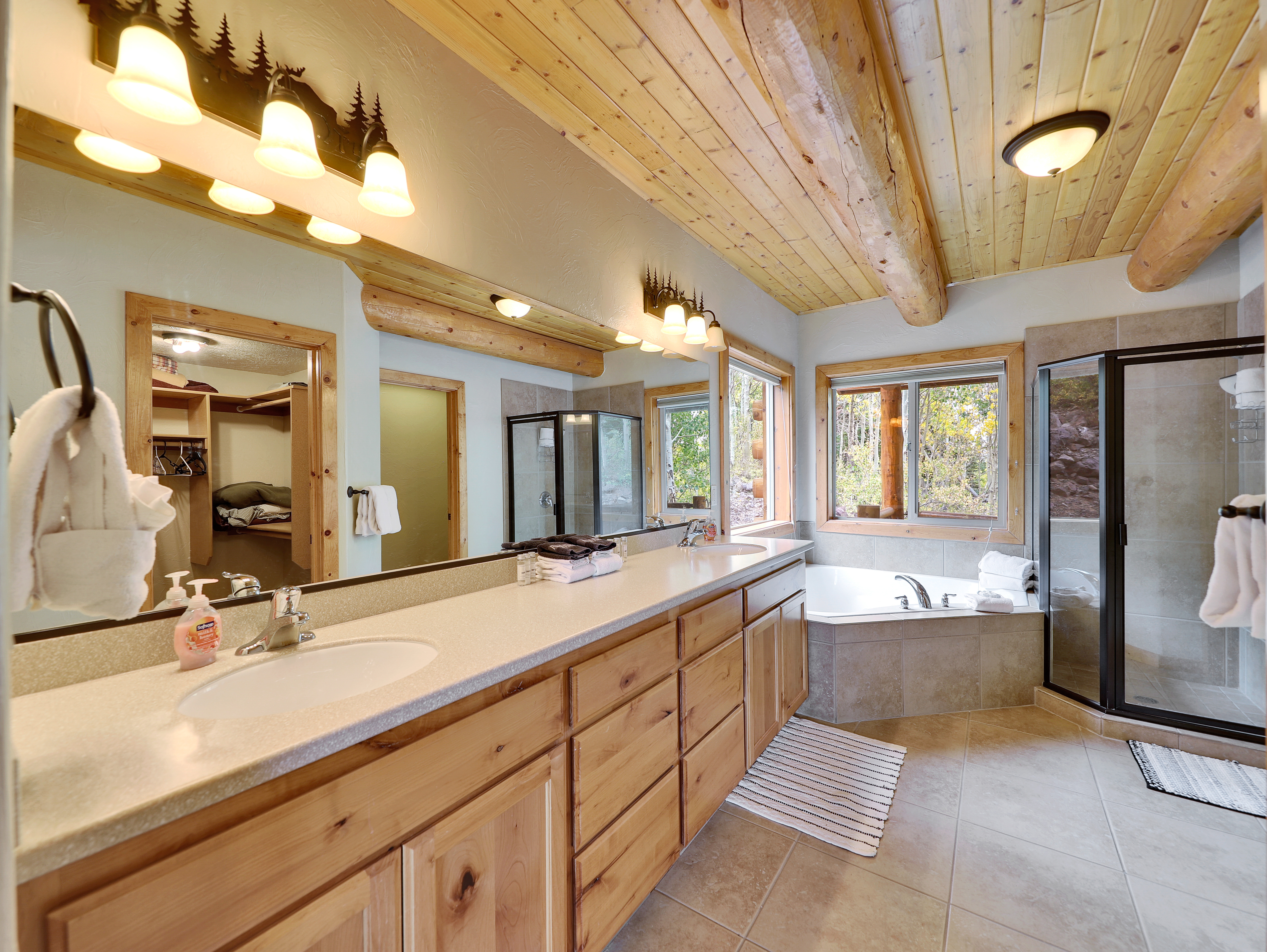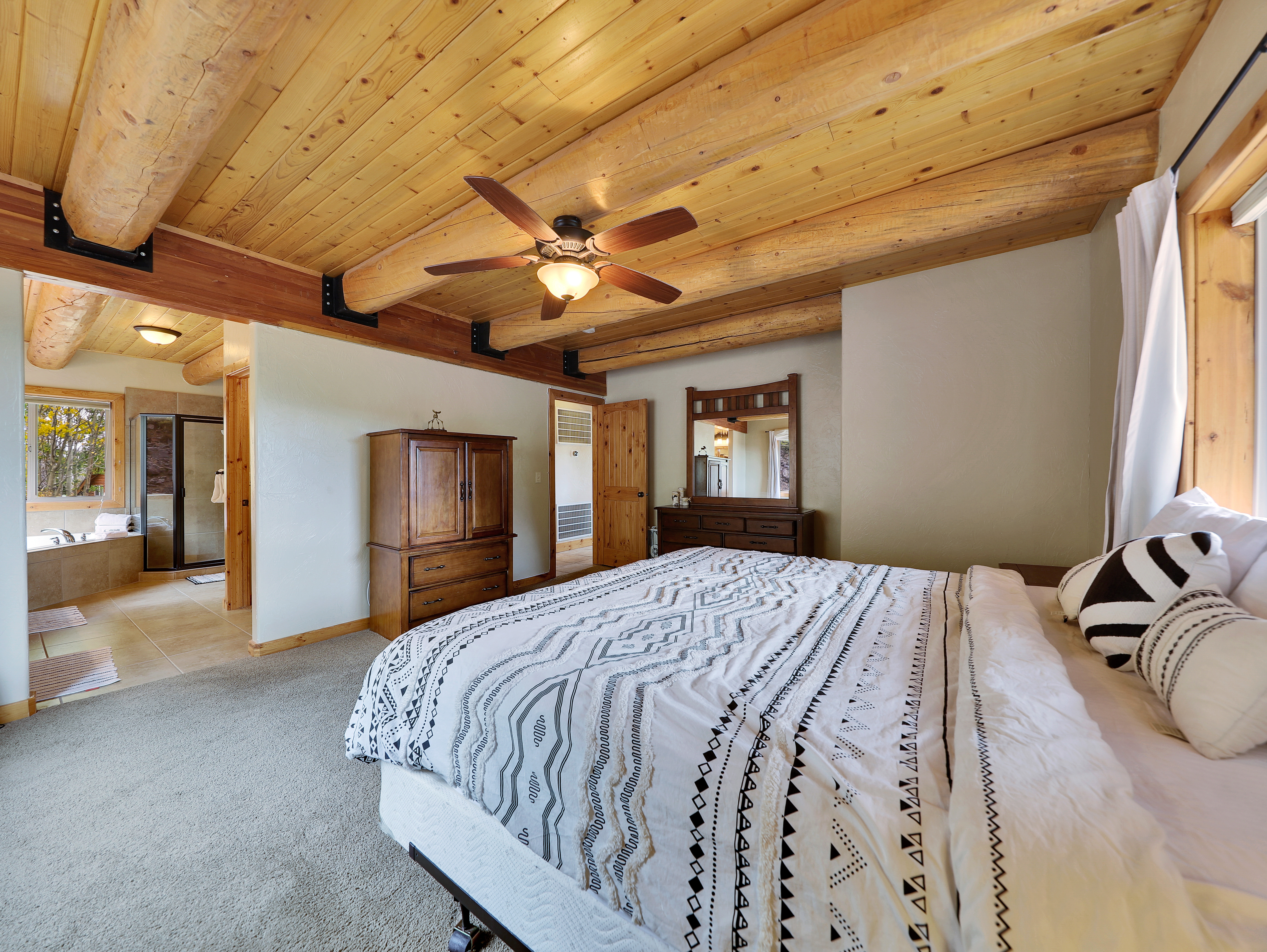 Primary Suite with King bed and ensuite bath featuring a jetted tub, walk-in shower, and dual sinks
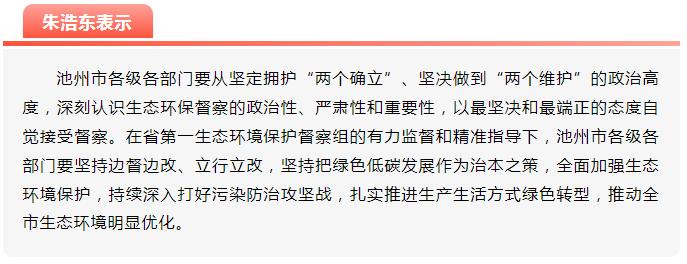 為深入貫徹習近平生態文明思想,認真落實黨中央、國務院關于生態文明建設和生態環境保護的決策部署,全面貫徹全國、全省生態環境保護大會精神,經省委、省政府批準,省第一生態環境保護督察組對池州市開展生態環境保護督察。5月30日,督察進駐動員會在池州市召開,督察組組長盧仕仁、副組長顧群分別就做好督察工作作了講話,市委書記朱浩東進行了進駐動員,市委副書記、市長賀東主持會議。
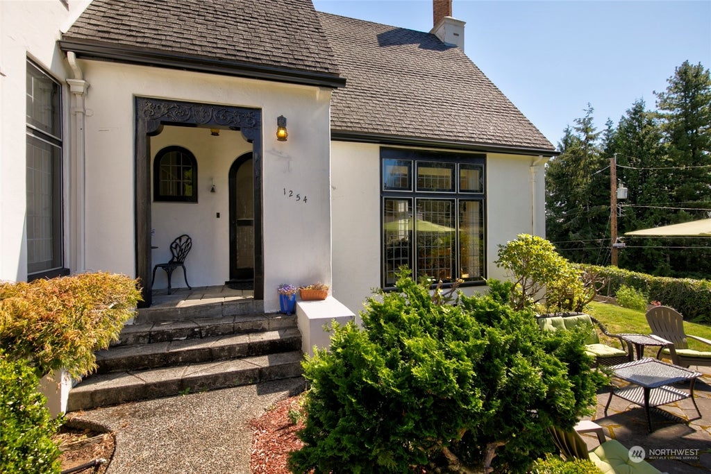 Nestled in Broadway Hill, this historic Tudor home boasts bay, city, and Chehalis River Views. The residence features four bdrms, 2 1/4 baths, hardwood floors, & multi-level flooring. The grand living room is complete with cathedral ceiling, period wood detailing, and an imposing gas fireplace. Leaded glass windows adorn the entire home. The delightful kitchen is equipped with stainless-steel retro ovens and concealed stovetop burners. Mutiple patios, a flat yard, & garden beds enhance the outdoor space. The front is terraced with fragrant lavender, and the property is fully fenced to deter deer, ensuring privacy with a surrounding hedge. Conveniently located close to shopping, parks, and schools. Includes 2-car garage, basement & storage.
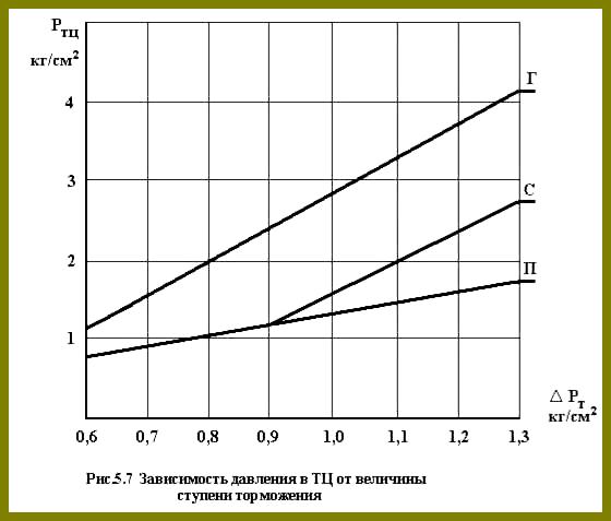 Чем сильнее давление режимных пружин 10 и 11 на уравнительный поршень, тем при большем давлении воздуха в ТК он начнет движение в положении перекрыши. Поэтому для получения различных режимов торможения (порожнего, среднего и груженого) изменяют усилие режимных пружин 10 и 11 на уравнительный поршень. Это достигается изменением положения рукоятки переключателя режимов торможения. (Табл. 5.1). Зависимость давления в ТЦ на различных режимах от ступени торможения показана на рис. 5.7.

_GOAL OF THE EXERCISE:_ Beginning at the first line of the listing, print each line exactly until and including the one that has "Nestled in Broadway"; skip pictures.

_WRITTEN ANSWER:_
 Primary Suite with King bed and ensuite bath featuring a jetted tub, walk-in shower, and dual sinks
 為深入貫徹習近平生態文明思想,認真落實黨中央、國務院關于生態文明建設和生態環境保護的決策部署,全面貫徹全國、全省生態環境保護大會精神,經省委、省政府批準,省第一生態環境保護督察組對池州市開展生態環境保護督察。5月30日,督察進駐動員會在池州市召開,督察組組長盧仕仁、副組長顧群分別就做好督察工作作了講話,市委書記朱浩東進行了進駐動員,市委副書記、市長賀東主持會議。
 Nestled in Broadway Hill, this historic Tudor home boasts bay, city, and Chehalis River Views. The residence features four bdrms, 2 1/4 baths, hardwood floors, & multi-level flooring. The grand living room is complete with cathedral ceiling, period wood detailing, and an imposing gas fireplace. Leaded glass windows adorn the entire home. The delightful kitchen is equipped with stainless-steel retro ovens and concealed stovetop burners. Mutiple patios, a flat yard, & garden beds enhance the outdoor space. The front is terraced with fragrant lavender, and the property is fully fenced to deter deer, ensuring privacy with a surrounding hedge. Conveniently located close to shopping, parks, and schools. Includes 2-car garage, basement & storage.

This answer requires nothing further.